ATLANTA TEST CHEATING: LESSSONS NOT YET LEARNED

By Robert A. Schaeffer, Public Education Director
National Center for Fair & Open Testing (FairTest)

The sad story of educators caught manipulating standardized exam scores has focused attention on one type of “fallout” from the testing explosion that has swept across the nation’s classrooms in the past decade. Federal and state lawmakers are scrambling to incorporate lessons from Atlanta as they work to overhaul testing policies in the face of an increasingly powerful assessment reform movement.

So far, however, policymakers have grasped only the most basic message from the Atlanta scandal: sharp score gains may not be what they first appear to be. Most state departments of education have hired “data forensics” firms to examine test answer sheets. Using computers, they now search for unusual numbers of erasures or odd patterns of score gains. Many have become more willing to pursue reports by whistleblowers citing improper exam administration practices.

The ensuing investigations confirmed cases of cheating in 40 states, the District of Columbia, and schools run by the U.S. Department of Defense. Adults manipulated test scores in more than 60 ways from shouting out correct answers to barring likely low-scores from enrolling. The Atlanta scandal is just the tip of a test cheating “iceberg.”

In the wake of Atlanta, many jurisdictions stepped up test security. However, tougher exam administration policing has not made test cheating disappear. In just the past few months, new examples have surfaced in Pennsylvania, New Mexico, Ohio, Louisiana and several other states.
Understanding the widespread “gaming” of standardized exam results requires addressing its root cause.

Nearly four decades ago, acclaimed social scientist Donald Campbell forecast today’s scandals. He wrote, “[W]hen test scores become the goal of the teaching process, they both lose their value as indicators of educational status and distort the educational process in undesirable ways.” The horror stories in Atlanta and many other communities are case studies of what is now called Campbell’s Law.

Many policymakers still ignore the most important lesson to be learned from Atlanta. Cheating is an inevitable consequence of the overuse and misuse of standardized exams. Federal, state and local testing policies put intense pressure on teachers, principals and other administrators. They create a climate in which educators believe scores must soar “by whatever means necessary,” as the Georgia Bureau of Investigation concluded.

It is hardly surprising that more school professionals cross the ethical line.

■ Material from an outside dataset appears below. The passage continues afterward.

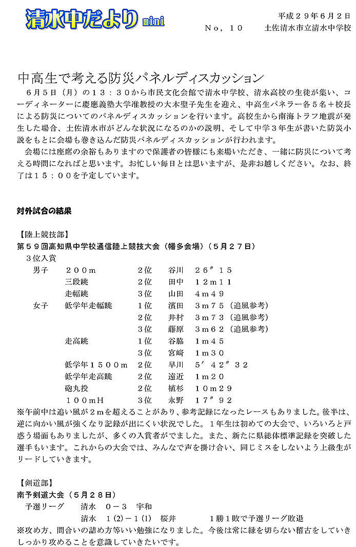 2017年度 清水中だより mini No.10

Across the nation, strategies that boost scores without improving learning are spreading rapidly. These include changing answers, narrow teaching to the test and pushing out low-performing students. These practices are immoral, unethical and, in many cases illegal. But they are completely understandable.

The damage done by a heavy focus on standardized exams is twofold. The test score fixation takes time away from broader and deeper learning, leaving students inadequately prepared for college or careers. Simultaneously, it inflates test results by making it appear as if there is real academic growth when there may be none. These are the two kinds of corruption described in Campbell’s Law.

To eliminate cheating, reliance on standardized exam results for high-stakes educational decisions must end.

Put simply, test-driven schooling cheats students out of a high-quality education. At the same time, it cheats the public out of accurate information about public school quality.

Until assessment policies are overhauled, Atlanta will stand out as the ugliest example of a continuing national epidemic.